A little background about libraries in Ghana. This is an estimation. The town of Koforidua (where the school is located) has a few public schools perhaps 20 and about 5 private schools. To my knowledge the private schools have libraries but not the public schools. There is also one central library. The public library (with about 15 shelves half-filled with books) serve the whole region. I was determined to make the Nana Kwaku Boateng my alma mater the first public school to own a true library.

So...when I returned to Virginia I collected some books in my middle school (Amherst Middle). I gathered approximately 12 boxes of books and after a successful car wash (with the help of a parent of and 6 dedicated Algebra students) I was able to mail 2 boxes of books, very expensive by air. There were 10 boxes left here but too expensive to mail so I sent money for them to buy books in Ghana and a book shelf.
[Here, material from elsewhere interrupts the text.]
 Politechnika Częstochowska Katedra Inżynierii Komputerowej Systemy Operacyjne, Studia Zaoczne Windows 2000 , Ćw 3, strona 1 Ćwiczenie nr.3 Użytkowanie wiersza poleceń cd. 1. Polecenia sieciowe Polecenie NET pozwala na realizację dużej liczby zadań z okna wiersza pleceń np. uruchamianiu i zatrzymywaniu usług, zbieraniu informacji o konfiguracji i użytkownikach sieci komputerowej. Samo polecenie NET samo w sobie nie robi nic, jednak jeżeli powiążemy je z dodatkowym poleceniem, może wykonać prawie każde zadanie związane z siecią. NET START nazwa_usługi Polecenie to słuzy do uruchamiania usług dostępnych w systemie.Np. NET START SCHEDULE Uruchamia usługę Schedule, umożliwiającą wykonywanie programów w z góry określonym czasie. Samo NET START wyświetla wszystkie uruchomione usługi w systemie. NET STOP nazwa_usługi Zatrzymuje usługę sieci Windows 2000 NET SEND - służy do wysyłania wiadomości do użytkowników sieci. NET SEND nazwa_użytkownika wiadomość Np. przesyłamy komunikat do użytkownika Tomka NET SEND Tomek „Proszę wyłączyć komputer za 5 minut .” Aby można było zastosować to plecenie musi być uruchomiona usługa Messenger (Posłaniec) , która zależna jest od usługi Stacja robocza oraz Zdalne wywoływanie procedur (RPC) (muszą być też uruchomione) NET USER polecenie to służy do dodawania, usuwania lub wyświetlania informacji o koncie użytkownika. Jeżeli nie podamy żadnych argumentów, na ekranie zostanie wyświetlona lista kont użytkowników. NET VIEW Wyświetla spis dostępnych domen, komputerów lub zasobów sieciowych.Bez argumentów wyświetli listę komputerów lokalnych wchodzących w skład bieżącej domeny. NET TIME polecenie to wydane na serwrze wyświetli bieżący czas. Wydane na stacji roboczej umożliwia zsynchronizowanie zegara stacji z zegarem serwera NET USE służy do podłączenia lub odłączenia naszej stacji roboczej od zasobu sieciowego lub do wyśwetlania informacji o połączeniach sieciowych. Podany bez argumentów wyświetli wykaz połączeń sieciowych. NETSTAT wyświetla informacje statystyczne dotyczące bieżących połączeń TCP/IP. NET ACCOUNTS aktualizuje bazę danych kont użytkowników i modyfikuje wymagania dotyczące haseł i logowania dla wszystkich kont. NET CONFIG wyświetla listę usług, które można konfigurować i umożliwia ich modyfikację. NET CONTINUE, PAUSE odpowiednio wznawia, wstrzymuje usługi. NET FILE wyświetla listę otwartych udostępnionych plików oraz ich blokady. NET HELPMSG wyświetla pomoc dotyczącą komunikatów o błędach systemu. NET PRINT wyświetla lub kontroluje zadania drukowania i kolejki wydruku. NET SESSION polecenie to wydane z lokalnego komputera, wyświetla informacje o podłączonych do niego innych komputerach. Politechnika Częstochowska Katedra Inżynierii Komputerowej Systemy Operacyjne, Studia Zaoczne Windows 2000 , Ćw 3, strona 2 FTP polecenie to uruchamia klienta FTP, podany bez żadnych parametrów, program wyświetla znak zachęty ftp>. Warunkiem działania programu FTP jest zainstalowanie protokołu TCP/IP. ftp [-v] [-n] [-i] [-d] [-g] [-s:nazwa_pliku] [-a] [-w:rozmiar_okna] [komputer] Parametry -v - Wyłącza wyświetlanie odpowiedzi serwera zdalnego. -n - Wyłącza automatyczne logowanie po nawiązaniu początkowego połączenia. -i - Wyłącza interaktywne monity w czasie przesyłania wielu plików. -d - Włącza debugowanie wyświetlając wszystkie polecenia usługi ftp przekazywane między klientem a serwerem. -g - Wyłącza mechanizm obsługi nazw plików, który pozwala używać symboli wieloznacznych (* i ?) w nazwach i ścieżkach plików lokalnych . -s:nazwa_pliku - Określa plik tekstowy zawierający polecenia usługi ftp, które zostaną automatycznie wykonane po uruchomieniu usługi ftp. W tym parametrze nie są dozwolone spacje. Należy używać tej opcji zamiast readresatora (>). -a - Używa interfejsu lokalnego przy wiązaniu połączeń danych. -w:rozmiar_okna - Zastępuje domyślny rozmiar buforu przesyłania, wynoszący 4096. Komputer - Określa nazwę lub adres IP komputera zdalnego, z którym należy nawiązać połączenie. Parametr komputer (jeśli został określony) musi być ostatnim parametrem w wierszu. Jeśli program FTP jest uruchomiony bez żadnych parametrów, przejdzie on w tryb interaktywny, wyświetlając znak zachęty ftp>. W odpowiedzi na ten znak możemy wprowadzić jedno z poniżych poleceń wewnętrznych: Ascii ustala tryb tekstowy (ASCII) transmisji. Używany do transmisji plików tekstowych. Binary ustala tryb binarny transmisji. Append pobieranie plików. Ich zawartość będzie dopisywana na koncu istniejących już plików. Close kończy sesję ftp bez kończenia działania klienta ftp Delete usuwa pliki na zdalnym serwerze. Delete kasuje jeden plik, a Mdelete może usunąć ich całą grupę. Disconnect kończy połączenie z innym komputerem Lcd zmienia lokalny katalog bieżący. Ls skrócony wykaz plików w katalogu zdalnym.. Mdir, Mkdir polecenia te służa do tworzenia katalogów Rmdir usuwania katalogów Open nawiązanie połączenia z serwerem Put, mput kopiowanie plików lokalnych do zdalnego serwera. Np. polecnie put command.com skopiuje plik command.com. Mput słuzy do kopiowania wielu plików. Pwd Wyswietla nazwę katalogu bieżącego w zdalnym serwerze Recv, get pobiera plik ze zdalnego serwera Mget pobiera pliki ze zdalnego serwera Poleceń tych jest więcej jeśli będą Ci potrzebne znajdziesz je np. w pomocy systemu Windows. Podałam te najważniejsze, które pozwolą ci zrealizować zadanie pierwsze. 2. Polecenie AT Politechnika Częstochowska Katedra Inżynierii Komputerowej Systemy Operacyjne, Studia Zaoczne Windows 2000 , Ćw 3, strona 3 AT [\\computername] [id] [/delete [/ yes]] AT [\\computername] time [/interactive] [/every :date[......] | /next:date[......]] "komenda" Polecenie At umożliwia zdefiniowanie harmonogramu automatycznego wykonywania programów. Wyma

In the summer of 2009, I returned to Ghana with 6 boxes worth of books, total of 8, but without a book shelf, nor a structure for a library. I looked around and found a metail trailer they were using for storage. After 2 weeks of requests and petitions, we were granted permission to use it. With less than 4 weeks left, I hired carpenters, electrician, and a painter and they transformed the decrepit trailer into a library filled with a carpet, tables, chairs, 3 book shelves, electrical system with lights, 4 fans, 3 computers (bought with the help of another car wash), and a few good locks to secure it. They now had a complete library with 8 boxes of books (about 300 books), painted and decorated with educational posters.
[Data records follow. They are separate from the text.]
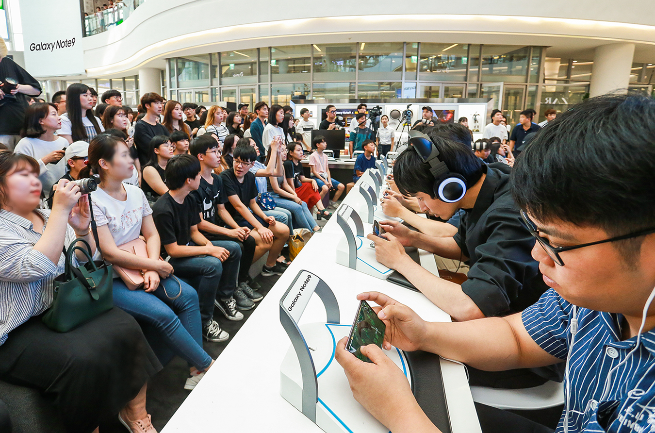 삼성전자가 '갤럭시 노트9' 국내 출시를 기념해 영등포 타임스퀘어 롯데월드몰 파미에스테이션, 대구 동성로, 부산 서면, 광주 충장로 등 전국 6개 갤럭시 스튜디오에서 ‘갤럭시 노트9 X 배틀그라운드 모바일 스페셜 챌린지’를 진행했다.
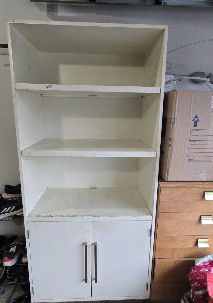 White book shelf with doors along with steel handles. It has solid steel frame at the base. The furniture is very strong. I was using for regular storage in my garage. Shelf heights are adjustable. Dimensions: 34"x19"x75"
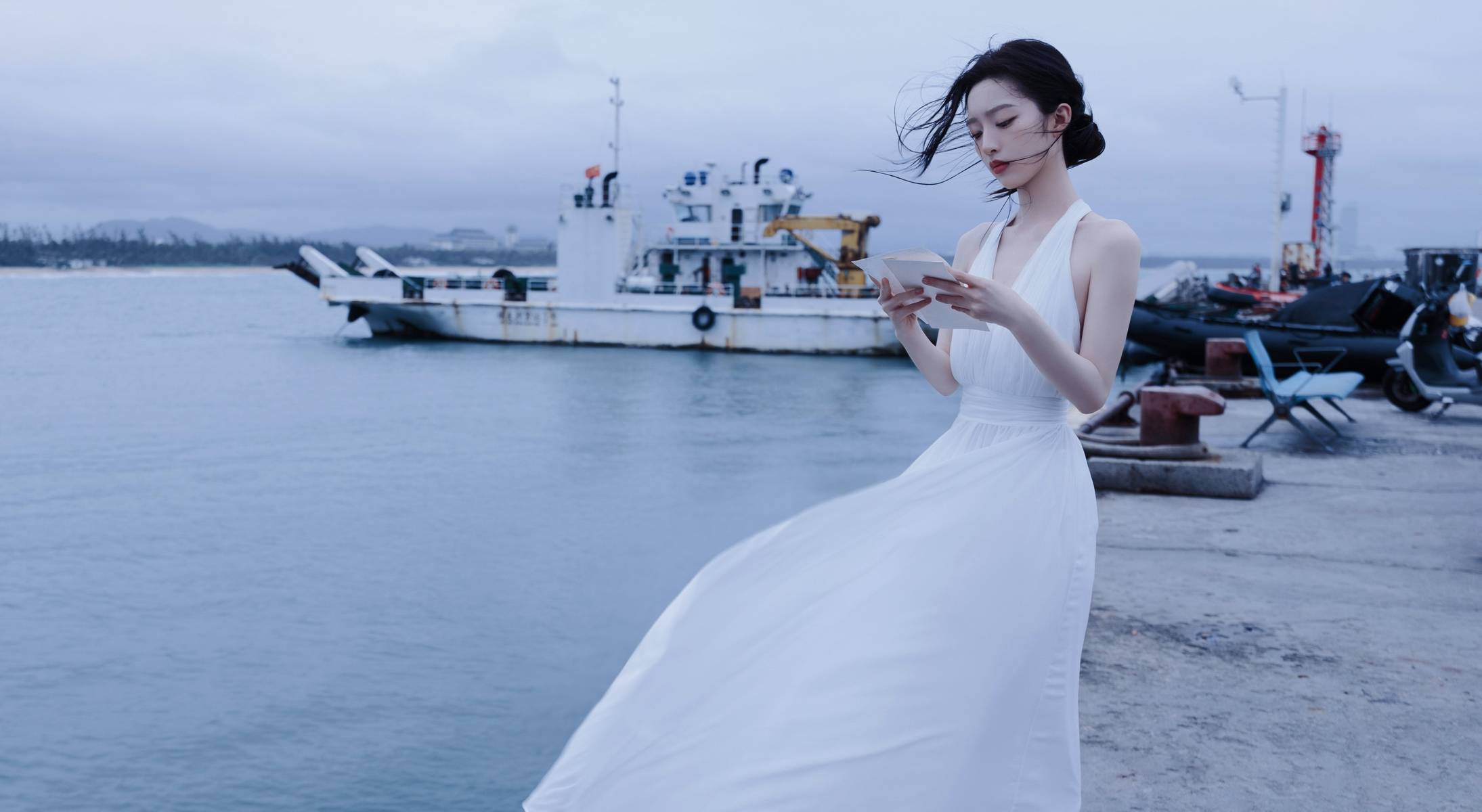 除了造型设计的加持,邓恩熙自身的气质与状态更是让白色露背裙“活”起来的关键。拍摄中,她或侧身转头,让长发与露背线条形成柔和曲线;或轻提裙摆漫步,层叠欧根纱随之扬起如花瓣绽放;偶尔低头浅笑时,眉眼弯弯的弧度与纯白裙装的纯净感相互映衬,仿佛从童话中走出的少女。这种浑然天成的清丽感,与她以往塑造的角色形象一脉相承——《嫌疑人X的献身》里倔强却清澈的陈晓欣、《十二谭》中天真烂漫的小鱼,这些角色身上的纯粹特质早已融入她的气质里。当她穿上白色露背裙时,无需刻意摆拍,眼神里的干净与肢体的自然舒展,便让整个造型充满了“故事感”,区别于刻意营造的“仙气”,多了一份真实可感的少女灵气。

Before I left, over a period of 2 weeks since construction finished, they had checked out and read 80 books. My next goal was to bring more books, buy more bookshelves and computers.
When I returned, I sent 5 more books in the fall, then 9 more followed in the spring. That's a total of 22 boxes.

Going back in time (Rewind 3 years to summer 2007)
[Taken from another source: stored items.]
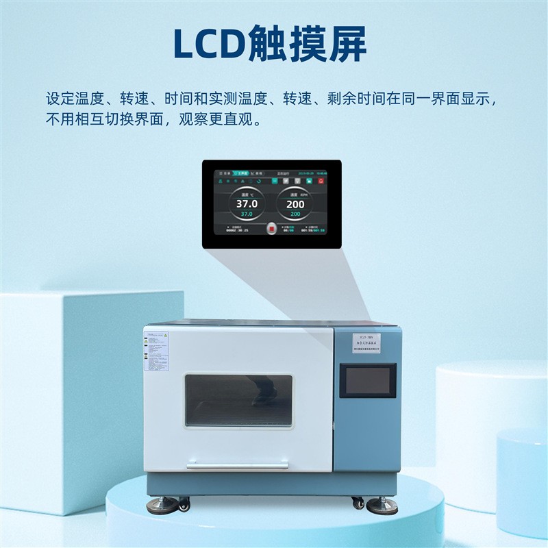 9、LCD觸摸屏,設定溫度、轉速、時間和實測溫度、轉速、剩余時間在同一界面顯示,不用相互切換界面,觀察更直觀;操作界面加密鎖定功能,杜絕重復操作和人為誤操作;可自由設定搖板正轉或反轉;強制對流的風扇常開或自動;擁有數(shù)據(jù)記錄功能,每分鐘記錄一次數(shù)據(jù),可記錄近三個月的數(shù)據(jù),并且可顯示溫度、濕度、速度、光照、CO2濃度曲線,方便數(shù)據(jù)的分析;有USB接口,可將上述數(shù)據(jù)導出并保存
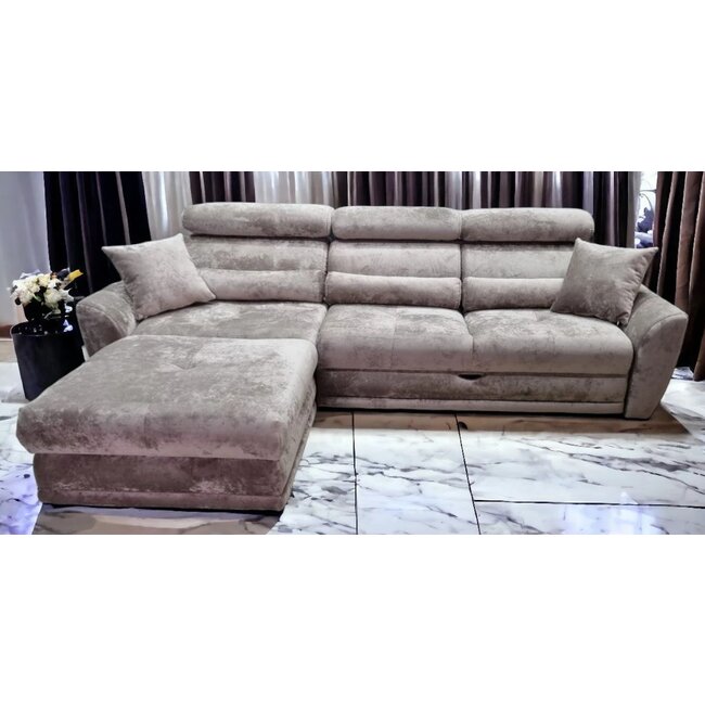 Colțar Monaco extensibil, ladă depozitare, stofă premium, 270x180 cm, Gri
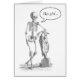 Stylish, intricate vintage illustration of a standing skeleton from the 19th century, with the full skeleton displayed leaning very relaxed on an animal skull that has been propped up on its nose. Cleaned up to decorate any item in a stylish and modern way. Add your own text to this skeleton drawing if you please or just enjoy the detailed black and white Victorian art.
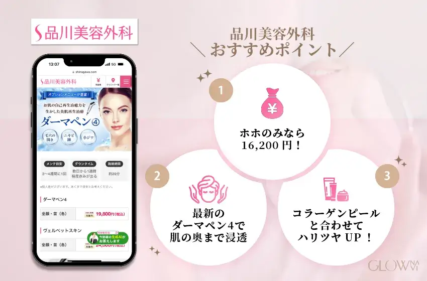 品川美容外科は、全国に39院を展開している美容クリニック。ダーマペンは、頬・首といったパーツの指定や、5cm×5cmという範囲の指定が可能です。
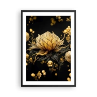 Poster in cornice nera - Un fiore dorato su sfondo nero in una composizione elegante - 50x70cm - Delicata fragilità - Decorazione murale moderna per soggiorno e camera da letto ARTTOR
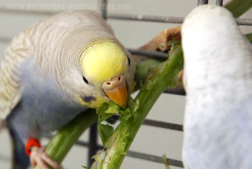 Seguramente si les ofreces hojas verdes o tallos como los que he recomendado al comienzo de esta sección, los periquitos por sí mismos irán a picotear y no le harán ascos. Si bien,
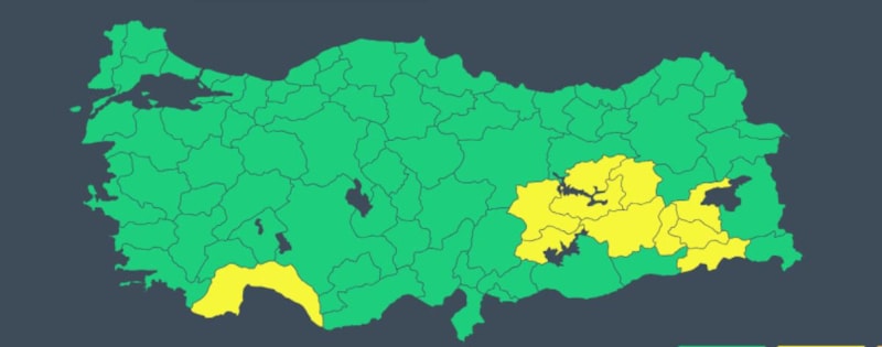 Adıyaman, Antalya, Bingöl, Bitlis, Diyarbakır, Elazığ, Malatya, Siirt, Tunceli, Batman, Şırnak için sarı kodlu uyarı yapıldı.
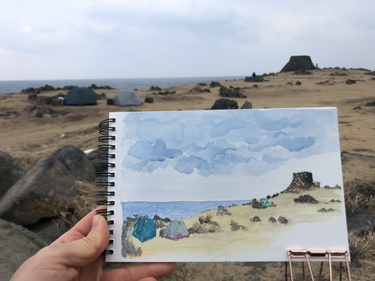 이렇게 춥고 바람부는 날에도 텐트가 세동이나 있다. 나도 캠핑하고 싶다. 아쉬운 마음을 텐트 그림으로 달래본다. 무척 추운 날씨에도 신나고 재밌는 어반스케치. #55
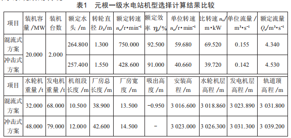 在該電站前期設(shè)計(jì)階段,對(duì)這兩種機(jī)型均進(jìn)行了選擇計(jì)算,結(jié)果如表1所示。
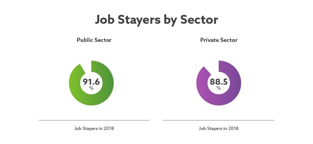 When comparing the private and public sector, we can see that there are small differences between the two and the rate at which workers change jobs. In fact, in 2018 91.6% of public sector employees were in the same job as the previous year, compared to 88.5% of private sector employees.
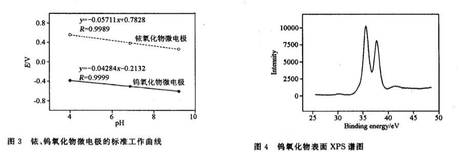 至4h,形成的黑色氧化膜與金屬基底結(jié)合緊密。碳酸鈉熔點851℃,在高溫18oo℃下分解,實驗表明,加熱至850℃,冷卻后的氧化膜也有明顯的粘附現(xiàn)象,因此經(jīng)過實驗調(diào)整,碳酸鈉氧化溫度同樣選擇為80o℃。制備鎢氧化物微電極的氧化溫度選擇在5O0℃,低于碳酸鹽的熔點,但將所制作電極做鎢元素的XPS分析后,從譜圖(圖4)上看,W 4f5,。結(jié)合能為35.7eV,說明金屬表面膜中鎢的確氧化為+6價。
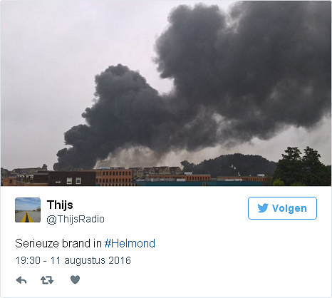 De brandweer is nu nog aan het nablussen. Zoals Toon hierboven al meldde, waren er eerder vanochtend vrij grote witgrijze rookpluimen boven Helmond te zien. Nu zijn dat nog kleine pluimpjes die te zien zijn als je weet waar je moet kijken.

In the summer of 2007, I visited Ghana. It had been 10 and half years since I left. The last school I attended before leaving was Nana Kwaku Boateng Junior High School. It was the top public school and a magnet, very hardworking students and dedicated teachers. I left while still the school prefect.

When I returned, I decided to visit the school and teach some lessons in Math. At the end of one lesson, I realized some students were done with nothing left to do. I thought to myself, "what did I use to do when I completed my work?" I would borrow books from my friends and I read a lot. I borrowed so often and read so much that my old friends would get upset and exclaimed they weren't a library. So, I asked them if they had a library to which they replied no. I then had the idea to send them books and start a library. Needless to say, they were very excited as were the teachers.

P.S. Gifty was then a science teacher at the school. Little did I know 3 years later, she and I would be the VIP's of a beautiful Gold and blue themed wedding!

Introductory Post

Hello friends. My name is Louis Torkornoo, an Algebra teacher at Sutherland Middle School in Charlottesville, VA and formerly Algebra 1 teacher and soccer coach at Amherst Middle. Just recently, a parent of one of my students suggested I create an online blog where people can follow the progress of the library I started in Nana Kwaku Boateng school in Ghana, Africa. Enjoy and thoughts/ideas are welcomed.